Steps to reproduce issue

Currently I have to run our Navigation2 system test to reproduce this, I’m trying to find a simpler example. However what I see is that when I run our system test with the latest versions (master branches) of rmw_fastrtps (0.7.2) and Fast-RTPS (1.8.0) our test hangs and times out. When I run with the previous versions (0.7.1) and (1.7.2) respectively, things work fine. Also if I run with RMW_IMPLEMENTATION=rmw_opensplice_cpp, things work fine then too.

I haven’t been able to isolate the problem. I can provide instructions for how to reproduce using the Nav2 system test if desired.

I see AMCL is stuck waiting for data on the /scan topic, but when I do a ros2 topic hz /scan I can see that the scan topic is being published correctly by gazebo. So it’s like the callback to AMCL is not being executed.
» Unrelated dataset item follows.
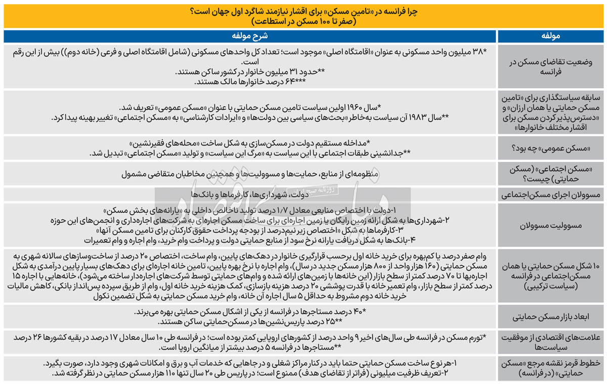 «دنیای‌اقتصاد» در آستانه شروع فعالیت دولت چهاردهم، فرانسه را برای «درس گرفتن در حوزه تامین مسکن حمایتی» انتخاب کرد به یک علت کلیدی؛ فرانسه در بین کشورهای غربی و همچنین سیاست‌‌‌های جهانی توصیه‌‌‌شده به سایر کشورها، به «موفق‌‌‌ترین کشور در ارائه مسکن در استطاعت» مشهور است. سیاستگذاران مسکن در خیلی از کشورها، فرانسه را به «مسکن‌‌‌اجتماعی» می‌‌‌شناسند. ضمن آنکه، ‌‌‌ علامت‌‌‌های اقتصادی مشخص و مستند از «تفاوت اقتصاد مسکن فرانسه با سایر کشورهای اروپایی» وجود دارد که «موفقیت‌‌‌آمیز بودن سیاست‌‌‌های مسکن در این کشور» را تایید می‌‌‌کند. از طرفی، این کشور گنجینه «60 سال سیاست‌‌‌های تکامل‌‌‌یافته و حذف و اضافه تصمیمات ناموفق و برنامه‌‌‌های بهینه و موفق» است که جایی مثل کشورمان می‌تواند از این فرصت برای «رفع تهدیدهای موجود در بازار مسکن» بهره ببرد. تورم تاریخی مسکن از سال 97 تاکنون، تورم تاریخی اجاره مسکن از 1400 تاکنون، ‌‌‌ رکود تاریخی ساخت مسکن و همچنین بیراهه تامین مسکن حمایتی در سال‌‌‌های اخیر، این بخش را به «بخش مساله‌‌‌ساز» دولت‌‌‌ها طی حداقل یک دهه اخیر تبدیل کرده است. اکنون اقدامات فرانسه از سال 1960 تاکنون، می‌تواند «نقشه مرجع» دولت پزشکیان برای «خارج کردن بازار مسکن از بیراهه و التهابات» باشد.
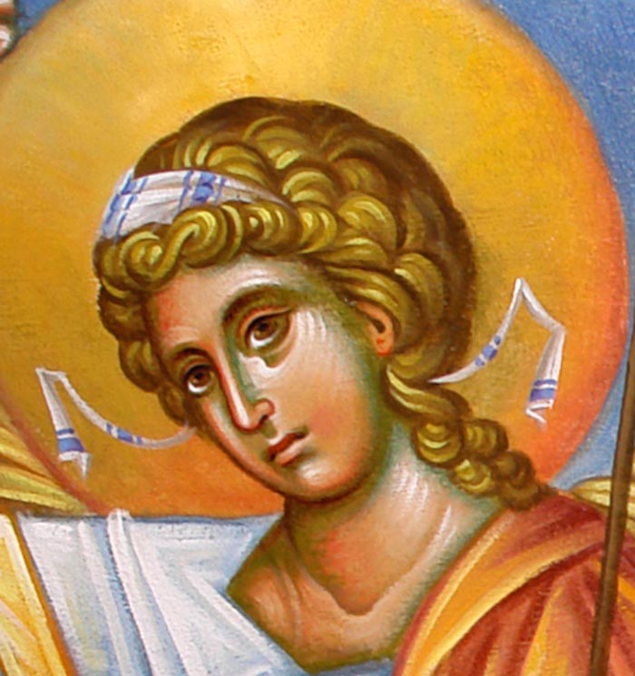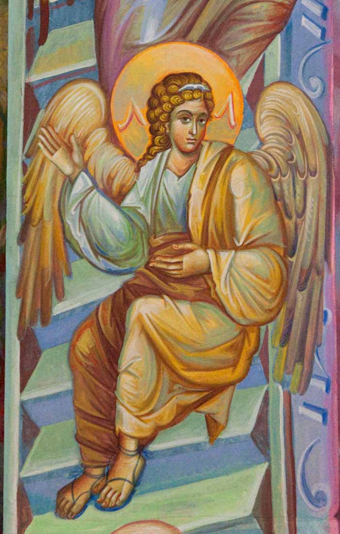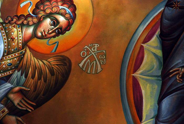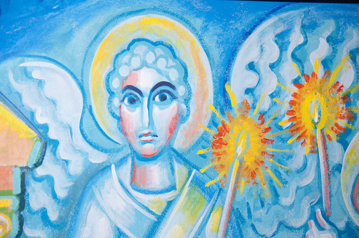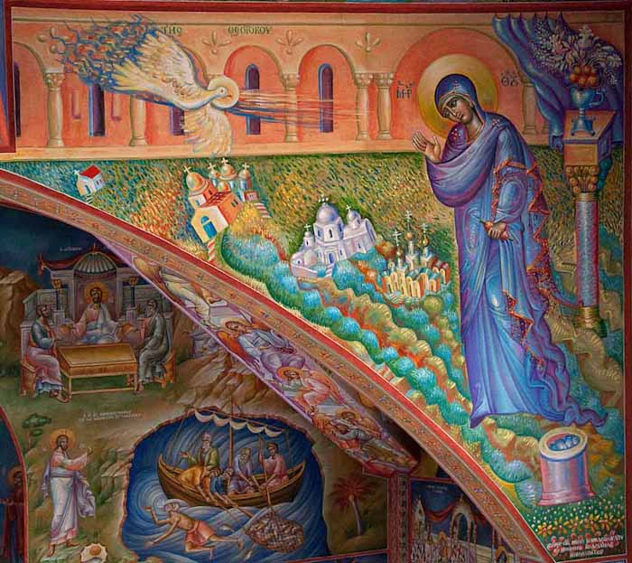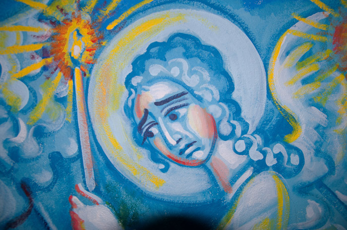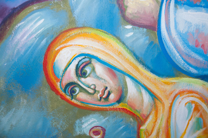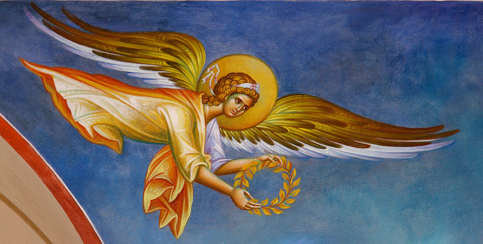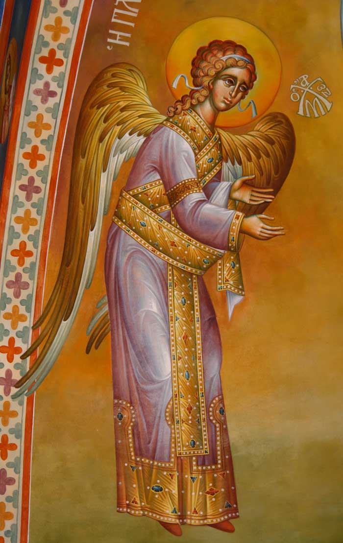 The Annunciation, detail, St Nektarios Church in Voula, Athens, wall-paintings by Stamatis Skliris, 2012.

I’m not sure how to debug that, but I’m pretty sure it’s in this rmw layer.

If anyone can offer some help or suggestions as to what to look at to debug this besides the fact that the topics are being executed, I’d appreciate the help.

This is high priority as it is blocking our CI. We won’t be able to release for Dashing in this state.

About this issue

  • Original URL
  • State: closed
  • Created 5 years ago
  • Comments: 29 (18 by maintainers)

Most upvoted comments

@MiguelCompany - I tested and that change you suggested above definitely helps. I submitted a PR for it. Thanks for helping with that. I think the changes you made above helped also (eProsima/Fast-RTPS#541,).

Let me see if between those changes and this PR we get our CI to pass again and I’ll close this ticket.

We found the issue. It was related with a change necessary for the implementation of the lifespan QoS. A fix is on the way in eProsima/Fast-RTPS#541, a new blackbox test is being added in eProsima/Fast-RTPS#542, and a new unit test is under development.

I just tried the following and can confirm the hang with FastRTPS:

  • Shell A:
    • install the Dashing prerelease Debian packages (ros-dashing-*)
    • source /opt/ros/dashing/setup.bash
    • clone ros-planning/navigation2, ros-simulation/gazebo_ros_pkgs@ros2 (will be released soon) and BehaviorTree/BehaviorTree.CPP@ros2 (since its release failed to build) into a workspace ws
    • call colcon build in that workspace
  • Shell B:
    • source ws/install/setup.bash
    • ctest -V -R test_localization hangs…

@richiprosima You insight might be helpful on this ticket. This is using the latest commit from the master branch of FastRTPS.